未だに意味がよくわからず、わたしは黙って聞いている。

「基本的に、同じ宗派ですと生まれる子の宗派も同じものになります。クロス派の両親から生まれる子は、やはりクロスの加護を持った子ということ」

マダムはそこでため息をついた。

「でも、ごくたまに変異が起きて、別の宗派の子が生まれることがあるのよ」

いつのまにか戻ってきていたディワーリが続ける。

「隣国のペルシア国の話です。トルニカ派の第二夫人が他の宗派の子をお産みになって……。
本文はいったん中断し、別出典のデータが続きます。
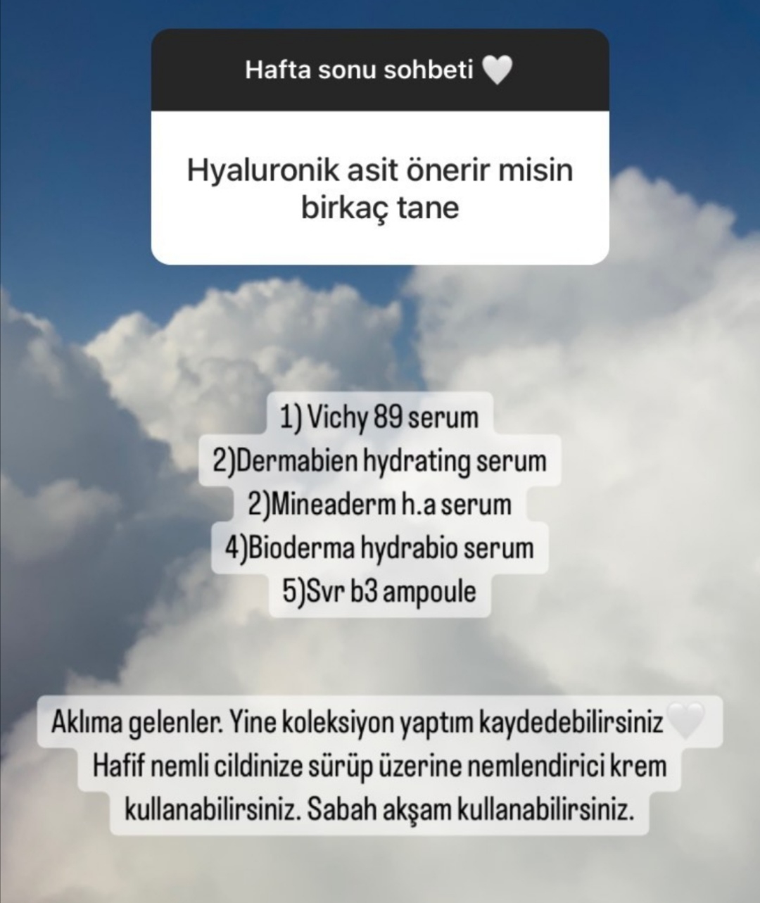 zaten beslenmem dengeli, kolajen ve vitamin takviyeleri alıyorum, güzel su içiyorum , spor yapıyorum , o yüzden cilde ekstra bir şeye ihtiyaç duymuyorum ,ürünlerin içeriği çok zengin ve serum - krem arası formda olduğundan tüm ihtiyaçlarımı karşılıyor .

その子たちは、結局行方不明に」

ディワーリは悲しそうに、まつげを震わせた。

「そして、おふたりのお母様である王妃様は極刑に処せられた」

わたしは息を飲む。

「でも、変異はたまにあることなのよね?それなのになぜ?」

「そうだけれど……。王妃様が不貞を働いたと強硬に言い張る派閥があった、と聞いているわ」

つまり、他宗派の者と不貞を働いたため、トルニカ以外の子が生まれたのだと責められたわけか。なんてひどい話なんだろう。

「それで、どうしてわたしが関係するの?」

わたしの疑問は、マダムが答えてくれた。

「アリス様のような加護を持たない方達は、確実に父方の宗派の子を産むと言われているのよ」

背筋がつうっと冷たくなった。

確実に王家の血を残せる腹として、わたしを利用しようとするかもしれないということか。

「……教えてくれてありがとう。気をつけるわ」


扉の外では、アブソレムが待ちくたびれていた。

「話が長い」

「ごめんなさい。ちょっと色々と教えて貰っていたの」

わたしは貰った服の詰まっている袋を抱えて、箒に座った。

アブソレムは何の荷物も持っていない。スパイス店の主人に頼んだのだろう。

「それじゃあ、サムージャ、ディワーリ。今日は本当にありがとう」

ふたりはわたしとアブソレムに、膝を折ってお辞儀をした。

「仕立てが終わったら、お洋服を送るわ。アリス様」

ディワーリの言葉を聞き終わる前に、アブソレムは地面を勢い良く蹴った。


空からケルンの街を眺めながら、わたしはアブソレムに聞いてみた。

「ねえアブソレム。わたし、王子様に求婚されると思う?」

アブソレムは吹き出して、その勢いで箒がガクッと揺れた。

「一体服屋でなんの話をしていたんだ?」

アブソレムの呆れ声を聞きながら、わたしは胸に不安の種が生まれたのを感じていた。